Yet, the second forum was bigger and more ambitious than the first, which had essentially been a round table bringing together for an initial discussion principally local stakeholders, including from the municipality, the university and the various minority associations in a city embracing more than 100 ethnicities. The 2015 event reinforced a natural alignment between the idea of interculturalism, first elaborated in the Council of Europe White Paper on Intercultural Dialogue of 2008, which signalled the Intercultural Cities (ICCs) network as a seedbed of good practice, and the historical experience in Melitopol of a taken-for-granted state of coexistence as the natural state of affairs. The second forum offered self-evidently another model of Ukraine, a Ukraine that went beyond the stereotypical divide into Ukrainian- and Russian-speakers, east and west: as the Council of Europe intercultural policy expert Kseniya Khovanova-Rubicondo told the forum, gathered in the City Hall, interculturalism was about ‘removing barriers between people’.
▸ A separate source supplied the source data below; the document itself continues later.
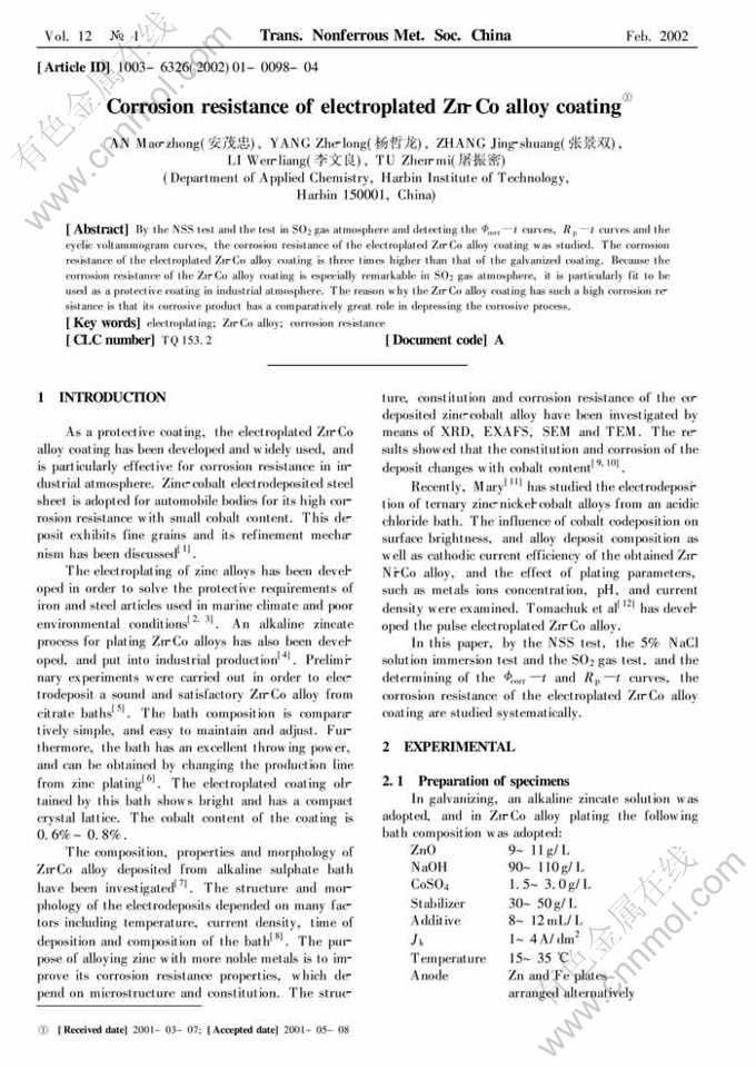 Key words:electroplating; Zn-Co alloy; corrosion resistance
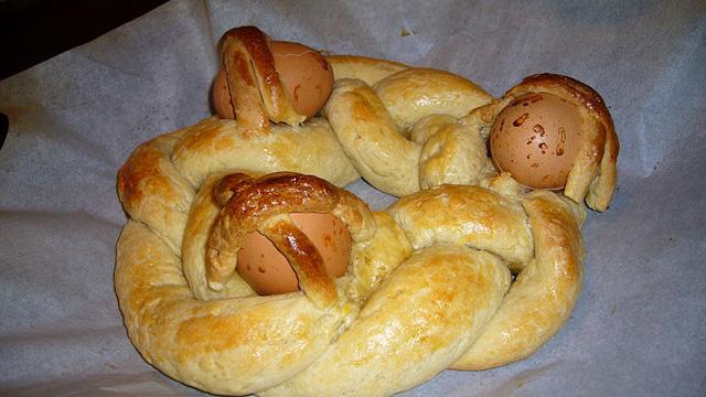 Notes The following text comes from Wikibooks (Machine google translation): The Scarceddhra (or Tart, or scarceddha) is a type of donut that you use to prepare for the EASTER holidays in Puglia. This recipe constitutes one of the possible variants. The following text comes from Wikipedia, the free encyclopedia (Machine google translation). The Tart, known in some areas as scariella, is one of the Easter cakes originating in the cuisine of Puglia known throughout the south and is well prepared in many nations where the rich have spread the recipe. Scarcella Origins Other names Scariella Place of origin Italy Region Puglia Details Category sweet Key Ingredients Shortbread, almond paste, jam of plums, frosting Variants No icing, no almond paste, only pastry with egg.... It's an Easter cake typical of Puglia. Has the form of a wheel (or if we want a donut if translate literally the word scarcella). This is covered with frosting white upon which are perched small eggs in chocolate for decoration or simply of silver or colorful beads. The round shape of the cake in question is rooted in a very remote past. It is believed that the round shape has to do with luck, also, the Tart is a cake that symbolizes the birth of a new life (from which the custom to decorate it with the eggs). Also transmitted the tradition of scarcella decorated with simple eggs boiled (not in hot chocolate) or even hand-painted eggs by housewives themselves almost to witness an artistic vein of the past now lost. The preparation and baking of scarcelle takes place during Holy Week, or even during the week preceding the week in question. It is a sweet perfume which pervaded, and pervades the homes and streets during Easter week mainly because of the use of ' ammonia. Also very popular is the use of the grated rind of lemon in order to donate to a Tart flavor flavored. Preparation There are several variants of Scarcella, each of which requires a different preparation. Elements common to all scarcelle are characteristic pastry of which are being made and decorated with Easter. Moving from country to country, however, is likely to find Scarcelle covered with icing sugar or simply decorated with a boiled egg or even scarcelle stuffed or not stuffed. For scarcelle stuffed, actually more elaborate than not filled, the preparation is as follows: there lies a disc of pastry on a baking sheet, then lies down on this a layer of jam (usually plum ) and a thick layer of a particular almond paste obtained by mixing finely chopped almonds with sugar and eggs, everything is covered with an additional disc of puff pastry and baked in the oven. After cooling, it goes to icing and decoration................. Original Italian text: Da Wikipedia, l'enciclopedia libera. Questa voce sugli argomenti cucina e Puglia solo un abbozzo. La scarcella, conosciuta in alcune zone anche come scariella, uno dei dolci pasquali originari della cucina pugliese conosciuto in tutto il sud ed preparato pure in molte nazioni dove i ricchi ne hanno diffuso la ricetta. Scarcella Origini Altri nomi Scariella Luogo d'origine Italia Regione Puglia Dettagli Categoria dolce Ingredienti principali Pasta frolla, pasta di mandorle, marmellata di prugna, glassa Varianti Senza glassa, senza pasta di mandorle, solo pasta frolla con uovo un dolce pasquale tipicamente pugliese. Ha la forma di una ruota (o se vogliamo di una ciambella se traduciamo letteralmente la parola scarcella). Questa viene ricoperta di glassa bianca su cui poi vengono adagiati dei piccoli ovetti in cioccolata a scopo decorativo o anche semplicemente delle perline color argento o multicolore. La forma rotonda del dolce in questione affonda le sue radici in un passato molto remoto. Si ritiene che la forma tonda abbia attinenza con la fortuna; inoltre, la scarcella un dolce che simboleggia la nascita di una nuova vita (da cui poi l'usanza di decorarla con degli ovetti). Diffusa altres la tradizione della scarcella decorata con semplici uova sode (quindi non in cioccolata) o addirittura uova dipinte a mano dalle massaie stesse quasi a testimoniare una vena artistica di altri tempi oramai perduti. La preparazione e la cottura in forno delle scarcelle avviene durante la Settimana Santa o addirittura durante la settimana precedente quella in questione. Un dolce il cui profumo pervadeva e pervade le case e le strade durante la settimana di Pasqua soprattutto per via dell'uso dell'ammoniaca. Molto popolare inoltre l'uso della scorza grattugiata del limone al fine di donare alla scarcella un sapore piu aromatizzato. Preparazione Esistono diverse varianti della Scarcella, ognuna delle quali richiede una differente preparazione. Elementi comuni a tutte le scarcelle sono la caratteristica pasta frolla di cui sono fatte nonch l'essere decorate con motivi pasquali. Spostandosi da paese a paese, tuttavia, possibile imbattersi in Scarcelle ricoperte di glassa di zucchero o semplicemente decorate con un uovo sodo o ancora scarcelle ripiene o non ripiene. Per le scarcelle ripiene, oggettivamente piu elaborate di quelle non ripiene, la preparazione la seguente: si stende un disco di pasta frolla su una teglia da forno, quindi si stende su questo uno strato di marmellata (solitamente di prugna) ed un abbondante strato di una particolare pasta di mandorle ottenuta mescolando mandorle finemente tritate a zucchero e uova; si ricopre il tutto con un ulteriore disco di pasta frolla e si cuoce in forno. Dopo il raffreddamento, si passa alla glassatura e decorazione. Photo: Wikibooks. |
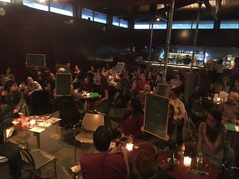 Poetry Slam es una plataforma de creación artística que pone en el centro la palabra y escena. El público decide cuáles son las mejores combinaciones de sustantivos, verbos y emociones.
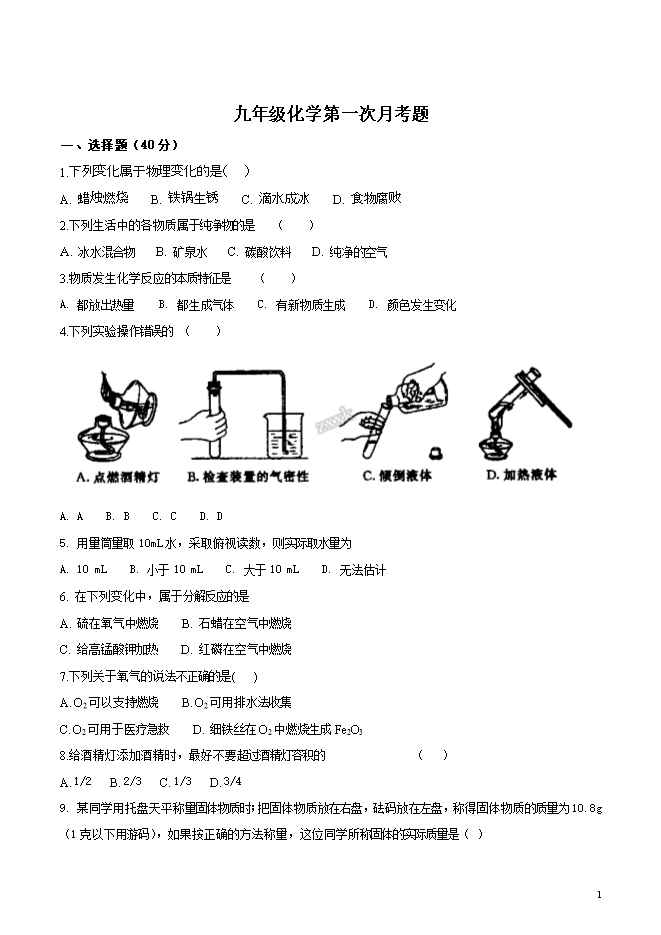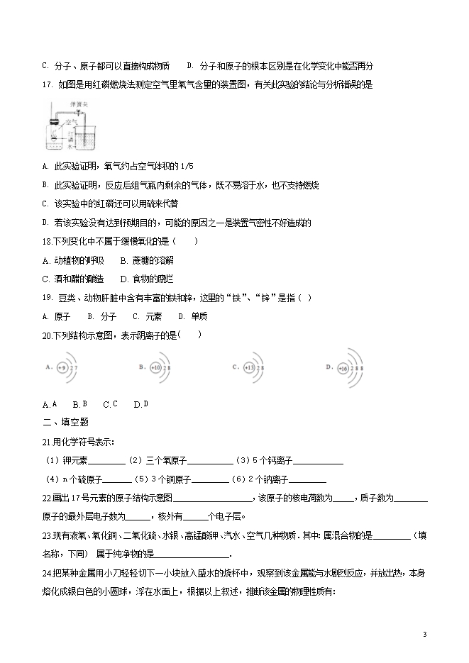 【内容简介】山东省庆云县第二中学2019届九年级上学期第一次月考化学试题(word版无答案)
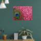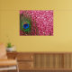Fantastic photo of a perfect peacock feather with a rocky and glittery pink background. Perfect gift for the girl in your life that loves pink

The focus moved on in 2015 to translating the intercultural commitment of Melitopol into a practical plan and to spreading the message across Ukraine. This time participation was enlarged to more than 150 attendees, and in particular to municipalities right across Ukraine, with a view to establishing a functioning national network of intercultural cities, as has already been done in Spain, Portugal, Italy and Norway. And the city’s new intercultural strategy (plan), which was designed in close consultation with the Council of Europe expert Kseniya Kovanova-Rubicondo had engaged 120 individuals in its preparation, was presented to this audience, hopefully as a model others could emulate.
One lesson from the experience of the ICCs network has been that political leadership is key to the success of the intercultural approach. This is for two reasons: first, its inherently ‘transversal’ nature means it can easily fall between municipal departments, with no one taking responsibility, unless the mayor makes clear that it is the responsibility of all; secondly, interculturalism can seem ethereal and removed from day-to-day concerns unless it is clearly communicated to the public by those in elected authority. Significantly in that light, the mayor of Melitopol, Sergiy Minko, welcomed the key figures involved to his office before the forum, opened proceedings at a session in City Hall expressing his support to Melitopol’s participation in the ICC Programme and rejoined participants informally on day two. The vice-mayor for culture and the representatives of the strategic development department attended the event throughout.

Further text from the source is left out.